WHAT IS BEING ASKED:
The output must match the entries below exactly, with pictures removed.

##### DATA TO USE

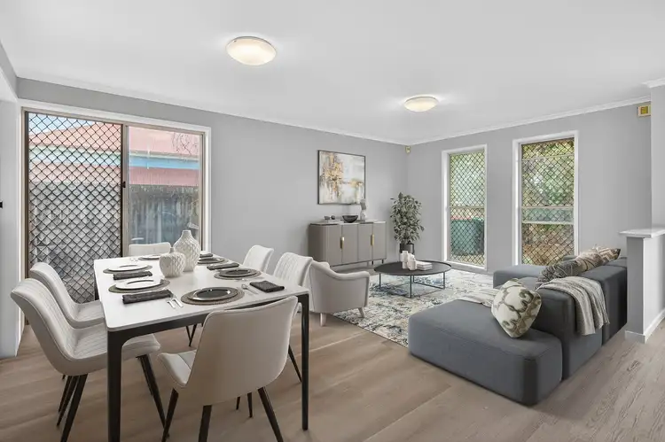 The floorplan includes 3 bedrooms, a chic modern bathroom, an open plan living/dining area, an original, but tidy laminate kitchen, a north facing alfresco entertaining area and a low maintenance backyard. There is also a single lock-up garage with internal access.
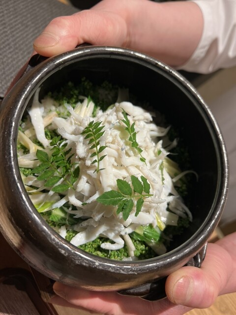 一本釣りの鰆もレアに仕上げられておりとても美味しいですね。更に付け合わせのセリの胡麻和えは本当に悶絶する程美味しく、その次に頂いた白甘鯛のフライ(?笑)と、(広島では当然の付け合わせである笑)梶谷農園さんのハーブの白味噌ドレッシングが最高過ぎるくらいハマりにハマって、めちゃくちゃ印象に残りました。
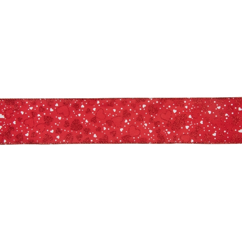 Red and White Hearts Valentine's Day Wired Craft Ribbon 2.5" x 10 Yards
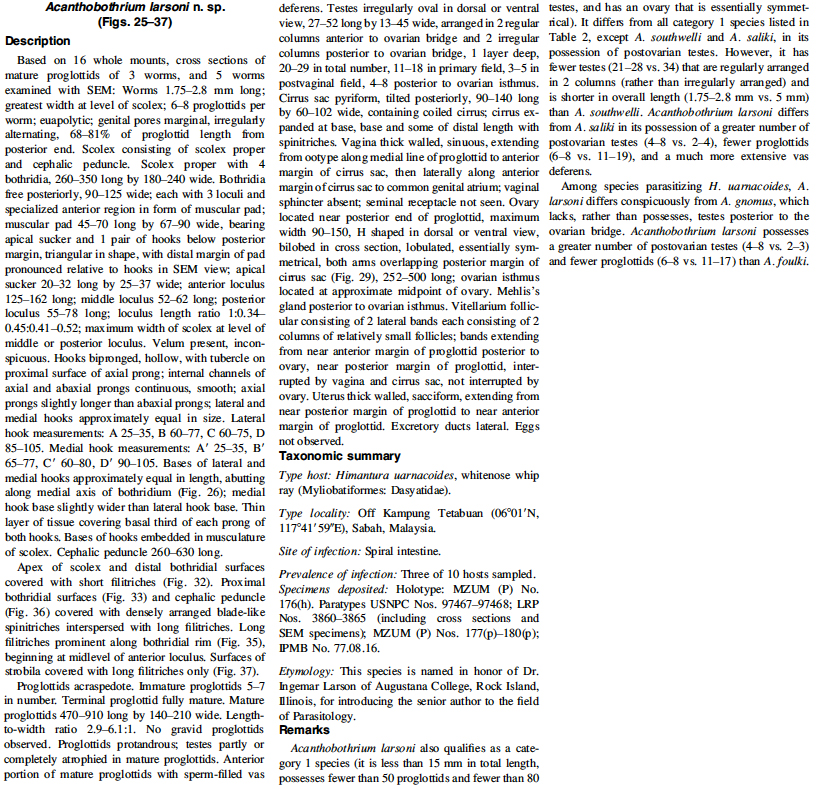 | Total Number of Type Specimens | 16 whole mounts, cross sections of mature proglottids of 3 worms, and 5 worms examined with SEM |
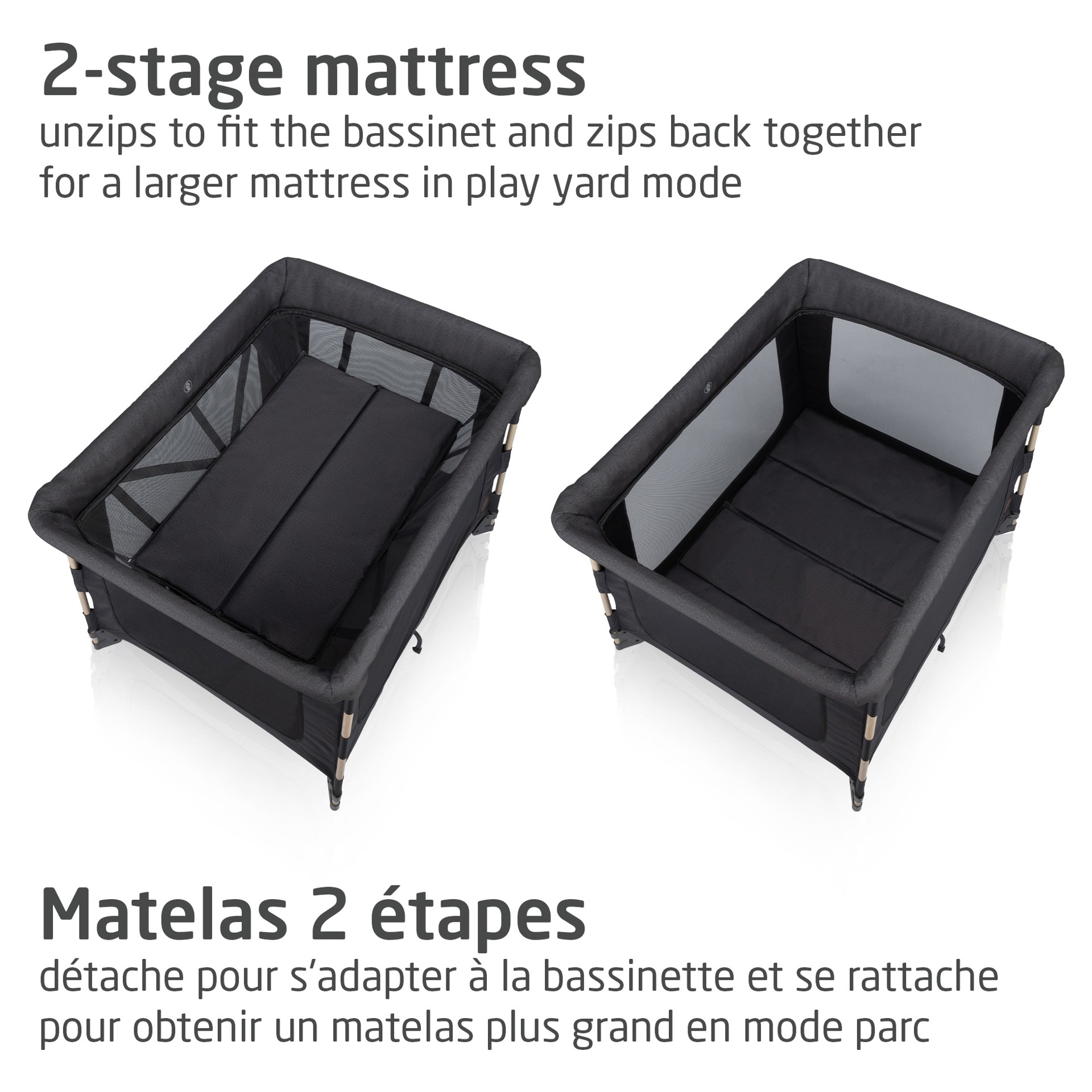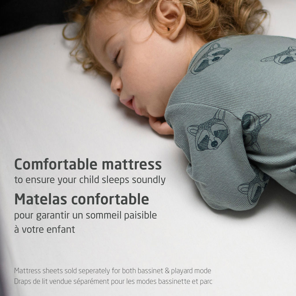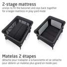 Le Swift est conçu pour grandir avec votre enfant, offrant trois utilisations différentes en un seul produit pratique. Le matelas unique à 2 niveaux peut être ajusté au fur et à mesure que votre enfant grandit. Lorsque votre enfant passe au parc, le matelas se transforme en une surface plus grande et plus confortable pour la sieste ou le jeu.
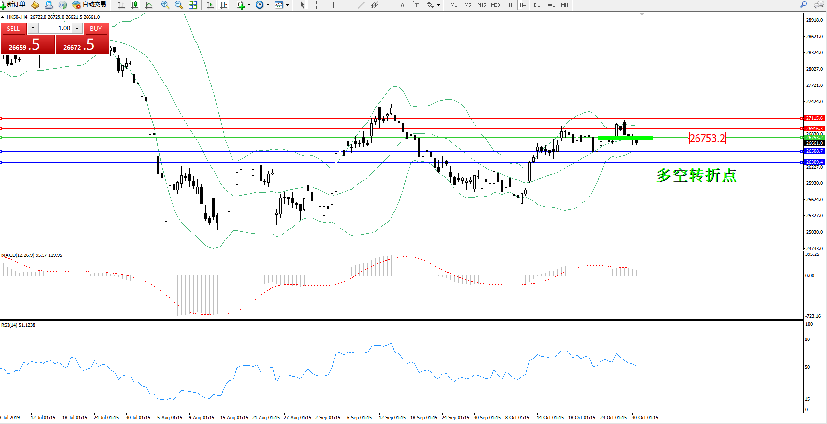 香港恒生指数1030日(周三)收盘下跌119.05点,跌幅0.44%,报26667.71点;港股小幅低开后曾反弹倒升22点。唯高位见沽压,再回落倒跌,并逐步扩大跌幅,恒指最触及26625A股三大股指今日集体回踩,盘中蓝筹板块持续疲弱,加上热点区块链概念股尾盘出现分化严重。外围市场整体走势偏弱,美股还需密切跟踪苹果的财报。最近该公司股价一路高歌猛进,屡创新高,但昨日的下跌是否会形成趋势反转也需要注意。

##########

RESPONSE TO THE EXERCISE:
 The floorplan includes 3 bedrooms, a chic modern bathroom, an open plan living/dining area, an original, but tidy laminate kitchen, a north facing alfresco entertaining area and a low maintenance backyard. There is also a single lock-up garage with internal access.
 一本釣りの鰆もレアに仕上げられておりとても美味しいですね。更に付け合わせのセリの胡麻和えは本当に悶絶する程美味しく、その次に頂いた白甘鯛のフライ(?笑)と、(広島では当然の付け合わせである笑)梶谷農園さんのハーブの白味噌ドレッシングが最高過ぎるくらいハマりにハマって、めちゃくちゃ印象に残りました。
 Red and White Hearts Valentine's Day Wired Craft Ribbon 2.5" x 10 Yards
 | Total Number of Type Specimens | 16 whole mounts, cross sections of mature proglottids of 3 worms, and 5 worms examined with SEM |
 Le Swift est conçu pour grandir avec votre enfant, offrant trois utilisations différentes en un seul produit pratique. Le matelas unique à 2 niveaux peut être ajusté au fur et à mesure que votre enfant grandit. Lorsque votre enfant passe au parc, le matelas se transforme en une surface plus grande et plus confortable pour la sieste ou le jeu.
 香港恒生指数1030日(周三)收盘下跌119.05点,跌幅0.44%,报26667.71点;港股小幅低开后曾反弹倒升22点。唯高位见沽压,再回落倒跌,并逐步扩大跌幅,恒指最触及26625A股三大股指今日集体回踩,盘中蓝筹板块持续疲弱,加上热点区块链概念股尾盘出现分化严重。外围市场整体走势偏弱,美股还需密切跟踪苹果的财报。最近该公司股价一路高歌猛进,屡创新高,但昨日的下跌是否会形成趋势反转也需要注意。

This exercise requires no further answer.